Ludwig could have poisoned Hugues, Christine thought, to prevent him from revealing something he didn’t want anyone to know. And then there was the husband of the woman who’d had a liaison with Hugues. Surely he would have wanted to rid himself of his rival. But since Alix de Clairy had been found with the flask, people assumed she was the poisoner. Her plight was made worse by the fact that she’d brought the queen a mandrake.
Christine shuddered as she thought about all the trouble caused by superstitions and belief in witchcraft. She remembered hearing one of the queen’s ladies tell a pregnant chambermaid that if she had twins, it would prove there were two fathers. The poor girl had rushed from the room in tears, and she’d had a miscarriage the next day. Christine had longed to admonish the lady for repeating such a vile superstition, but she knew it would have done no good.
All afternoon, she thought about the murder, and about Alix de Clairy. She didn’t join the family for supper. She couldn’t endure any more talk of the lady in the dungeon and her possible fate. She’d begun
to think of Alix as a friend, the only friend she had at the court. The thought that she might never see her again saddened her greatly.
FOURTEEN
The world is a forest replete with lions, a mountain replete with serpents and bears, a battle replete with perfidious foes, a dark valley replete with tears, and nothing there is certain.

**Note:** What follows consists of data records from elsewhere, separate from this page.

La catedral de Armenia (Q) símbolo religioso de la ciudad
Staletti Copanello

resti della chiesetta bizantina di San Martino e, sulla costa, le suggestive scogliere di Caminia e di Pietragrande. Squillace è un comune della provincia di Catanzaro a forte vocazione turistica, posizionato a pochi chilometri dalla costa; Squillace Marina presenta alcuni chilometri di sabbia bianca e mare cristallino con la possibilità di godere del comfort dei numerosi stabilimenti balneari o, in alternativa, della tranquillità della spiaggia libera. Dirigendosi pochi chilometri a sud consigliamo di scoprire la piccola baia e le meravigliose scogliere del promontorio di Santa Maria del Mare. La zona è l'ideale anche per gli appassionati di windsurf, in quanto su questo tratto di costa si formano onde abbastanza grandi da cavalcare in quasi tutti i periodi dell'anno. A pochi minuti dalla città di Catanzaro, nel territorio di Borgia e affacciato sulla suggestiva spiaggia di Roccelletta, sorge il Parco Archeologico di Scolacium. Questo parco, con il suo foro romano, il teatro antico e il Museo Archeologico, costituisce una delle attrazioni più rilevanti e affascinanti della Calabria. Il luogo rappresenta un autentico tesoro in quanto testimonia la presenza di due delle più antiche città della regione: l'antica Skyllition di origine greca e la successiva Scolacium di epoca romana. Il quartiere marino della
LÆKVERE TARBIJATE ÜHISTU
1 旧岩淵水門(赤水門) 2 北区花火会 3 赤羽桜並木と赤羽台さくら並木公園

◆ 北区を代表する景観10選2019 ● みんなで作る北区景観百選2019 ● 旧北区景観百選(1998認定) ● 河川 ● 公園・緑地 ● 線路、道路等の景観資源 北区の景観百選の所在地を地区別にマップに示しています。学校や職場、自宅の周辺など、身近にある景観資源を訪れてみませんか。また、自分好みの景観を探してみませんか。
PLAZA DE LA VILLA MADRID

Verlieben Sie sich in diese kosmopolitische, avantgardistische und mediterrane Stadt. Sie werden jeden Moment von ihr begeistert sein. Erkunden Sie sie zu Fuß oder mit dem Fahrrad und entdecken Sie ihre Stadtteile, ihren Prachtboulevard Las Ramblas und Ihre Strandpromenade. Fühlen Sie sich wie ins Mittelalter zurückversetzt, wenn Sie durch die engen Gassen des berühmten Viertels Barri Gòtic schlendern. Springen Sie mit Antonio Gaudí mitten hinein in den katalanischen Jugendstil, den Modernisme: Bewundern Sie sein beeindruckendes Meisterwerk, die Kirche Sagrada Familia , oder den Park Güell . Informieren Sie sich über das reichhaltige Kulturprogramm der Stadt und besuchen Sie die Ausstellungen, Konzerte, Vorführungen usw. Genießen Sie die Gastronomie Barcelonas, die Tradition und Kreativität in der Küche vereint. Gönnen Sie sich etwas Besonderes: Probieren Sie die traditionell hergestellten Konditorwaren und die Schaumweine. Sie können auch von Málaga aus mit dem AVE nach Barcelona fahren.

From a book of moral and practical advice
for a young wife, Paris, 1393
The Châtelet, the seat of the provost of Paris, stood on the banks of the Seine near the Grand Pont, casting a pall over that part of the city. A hideous, fortress-like structure with mismatched towers, surrounded by slaughterhouses and the shops of fishmongers, skinners, tanners, and butchers, it was a place of foul air, putrefying carcasses, and the cries of terrified animals. Not even the sweet sound of bells peeling at the nearby church of Saint-Jacques-la-Boucherie, the parish church of the butchers, could lessen its sinister aura.

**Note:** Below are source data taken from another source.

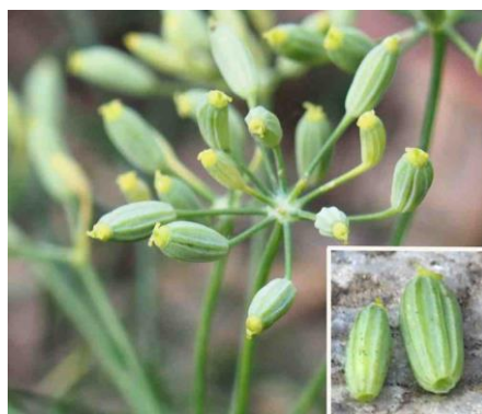
Slika 5. Plod komorača

Plod komorača je kalavac (šizokarpijum), sive do žuto-zelene boje ovalnog oblika (Slika 5). Na površini ploda nalazi se više uzdužnih rebara, u kojima se nalazi eterično ulje. Zrelost ploda očituje se pojavom sivo-žutih rebara. Plod komorača sastoji se od dvije sjemenke, dužine od 6 do 10 mm, a širine od 2 do 4 mm. Težina 1000 sjemenki iznosi od 4 do 8 g. sjeme komorača ima visoku klijavost ( od 90 do 100 % ), koja se zadržava od 2 do 3 godine (Kišgeci, 2008.).
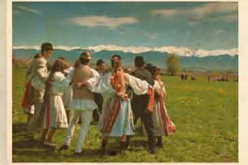
Oltozakadát 2014. március 28.

Egy Szeben megyei magyar szórvány- közösség
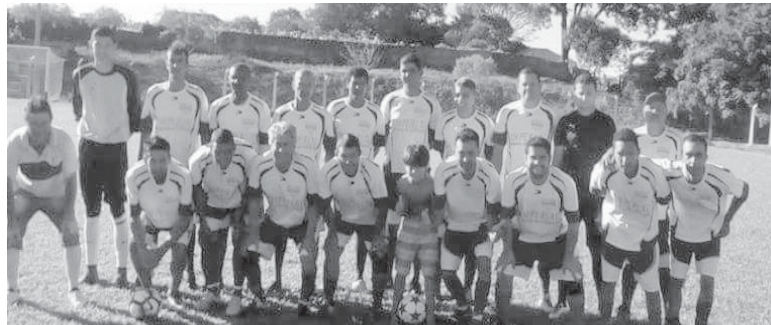
C.V.A. (Clube Veteranos Aquinense)

rem presença, prestigiando os atletas da cidade e os visitantes no dia 4 de março, domingo, no Estádio Comendador Joaquim Pedro da Silveira. A equipe Teneré bicampeã está defendendo o 3º título nesta 3ª Copa de futebol amador.
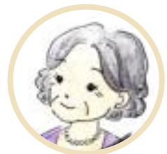
Tu (lo studente)
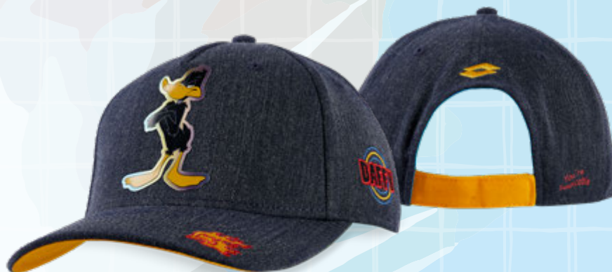
LDAF02 NEGRO | ÚNICA
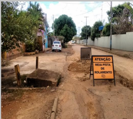
Foto 03: extensão de rede ate a Rua Mirante da Serra com a Rua Cujubim.
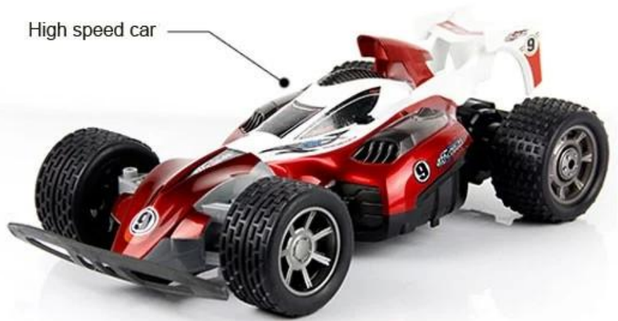
High speed car
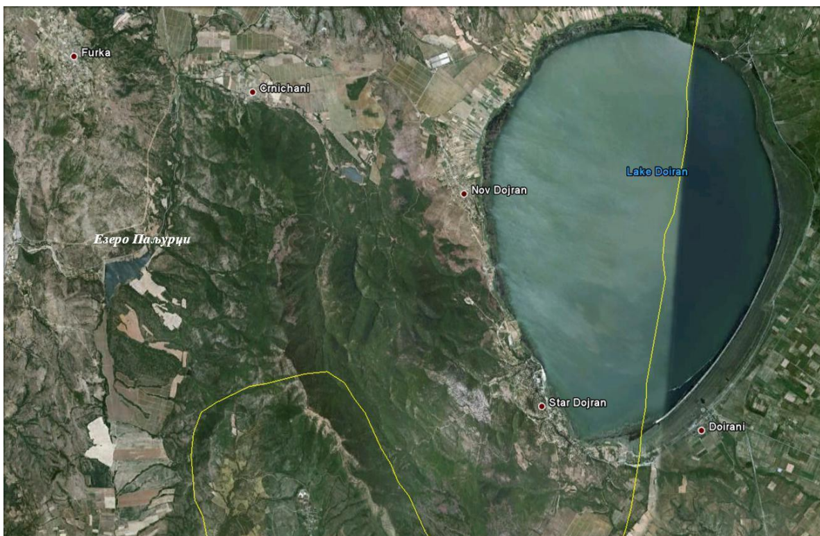
Слика 2. Сателитски приказ на акумулацијата Паљурци
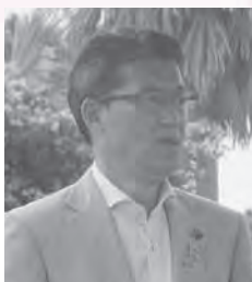
宮崎県知事 河野俊嗣 様
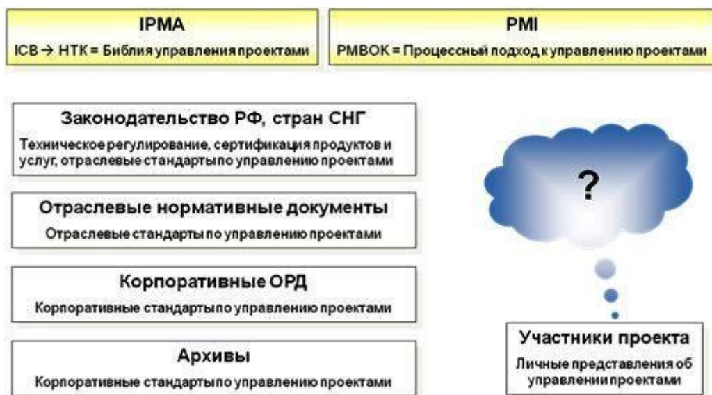
Рис. 1. Нормативные основы проектного менеджмента в РФ

Географически, ландшафтно, лингвистически, климатически, культурно и религиозно Россия является синтетическим единением евразийского Запада и евразийского Востока, причем ее геополитическая функция не сводится к суммированию или опосредованию западных и восточных тенденций. Россия есть нечто «третье», самостоятельное и особое, ни Восток, ни Запад. Культурно осмыслявшие "срединное" положение России русские евразийцы говорили об особой культуре "Срединной Империи", где географические и геополитические противоположности снимаются в духовном, вертикальном синтезе. С чисто стратегической точки зрения, Россия тождественна самой Евразии хотя бы потому, что именно ее земли, ее население и ее индустриально-технологическое развитие обладают достаточным объемом, чтобы быть базой континентальной независимости, автаркии и служить основой для полной континентальной интеграции, что по геополитическим законам должно произойти с каждым "островом", в том числе и с самим "Мировым Островом" (World Island), т.е. с Евразией.
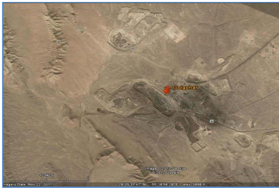
شکل ۲. تصویر ماهواره‌ای معدن سنگ آهن گل گهر

معدن سنگ آهن گل گهر در استان کرمان (شکل ۲) در طول جغرافیایی 19^{\circ} 55' شرقی، عرض جغرافیایی 29^{\circ} 07' شمالی واقع شده است. این توده معدنی در دشت مرتفعی با ارتفاع متوسط ۱۷۵۰ متر از سطح دریا در ناحیه نیمه کوهپایه‌ای واقع است و با کوه‌هایی به ارتفاع ۲۵۰۰ متر و بیشتر با امتداد شمال غرب - جنوب شرق احاطه شده است. پوشش گیاهی این ناحیه بسیار اندک و پراکنده و بیشتر به صورت بوته و گیاهان وحشی مقاوم در مقابل خشکی و گرم است. در این ناحیه رود دائمی جریان ندارد و آب مورد دسترس در بسیاری از اوقات سال متکی به مقدار آب چشمه‌های پراکنده است (mining and Golgohar industrial Co. 2009).
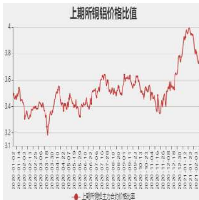
图9：沪铜和沪铝主力合约价格比率
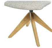
994 Spinnenholzfuß drehbar Eiche geölt (gegen Aufpreis)
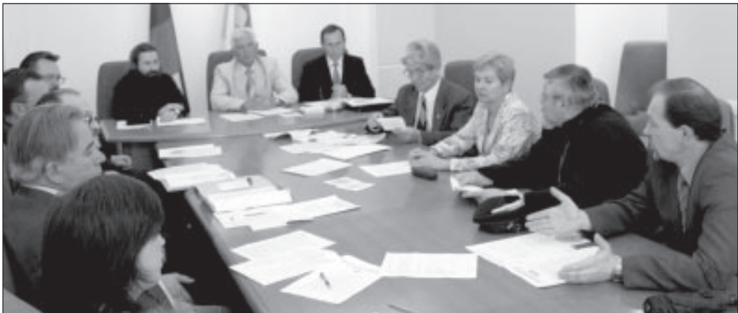
Материалы подготовили: Анастасия ВЛАСЕНКО, Надежда ДОЛИНИНА, Ольга РУДЕНКО.

В следующем году «Рамонский родник» отметит свое пятилетие - первый юбилей, готовиться к которому организаторы начнут задолго до того, как на фестивальной поляне приедет первый гость.
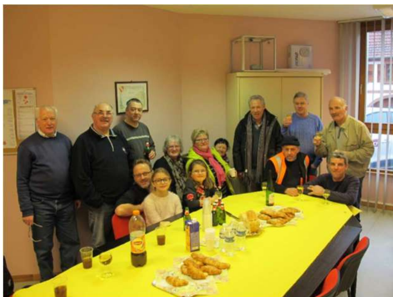
Partage du verre de l'amitié
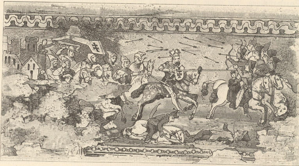
Gefecht Ladislaus des Heiligen mit den Rumänen.

Schon zu Stefan des Heiligen Zeiten kamen von Westen und Osten neue Ansiedler ins Land, von Westen Deutsche, von Osten Bulgaren und Petschenegen; und diese Zuzüge dauerten unter den Arpadenkönigen fort, nur daß nach den Petschenegen die Rumänen in größerer Zahl erschienen. Von Westen kamen zuerst deutsche Ritter, deren Nachkommen

Everyone knew what lay behind the thick walls of the prison: cells where prisoners were crowded together like cattle, sleeping on floors with only the thinnest layer of straw to protect them from the cold; dungeons with air so thick with dirt no candle would stay lit; and, most feared of all, a pit in the shape of an inverted funnel where those accused of heinous crimes were forced to stand in water up to their knees, unable to sit or lie down.

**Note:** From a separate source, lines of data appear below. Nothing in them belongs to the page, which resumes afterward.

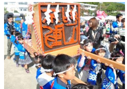
「はんこ日本一 六郷の里秋まつり」の様子(昨年)
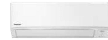
CS-KU9WKT | CS-KU13WKT | CS-KU18WKT
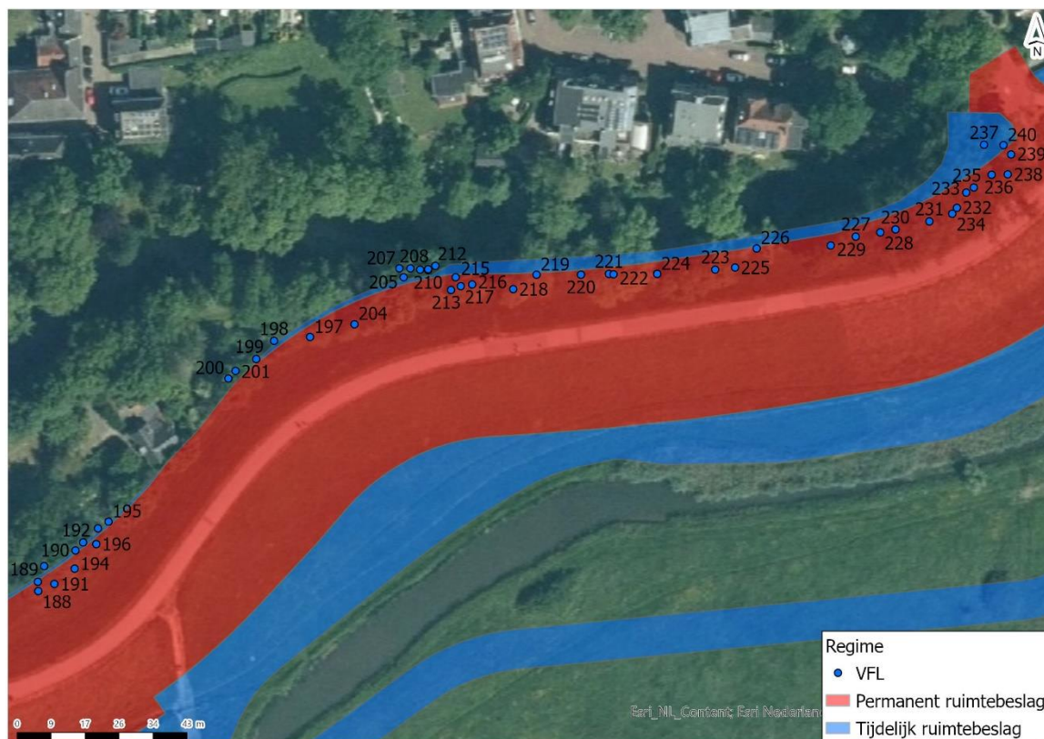
Tabel Te kappen bomen in traject 1.2 Eigendom waterschap en gemeente + enkele bomen woningstichting

It was to this dreaded prison that Alix de Clairy was brought on the night of Hugues de Précy’s murder. At the Hôtel Saint-Pol, the palace guards had found her lying on the ground next to the body of her husband, dazed and confused, and they had summoned the sergeants from the Châtelet, who had carried her to the prison. She was brought before the jailer, who asked her for her name and wrote it in a large register. He looked at the sergeants and asked, ‘What charge?’ One of the men stepped forward. ‘Arrested for the murder of her husband.’ The jailer wrote that in a second register. Then she awoke from her stupor.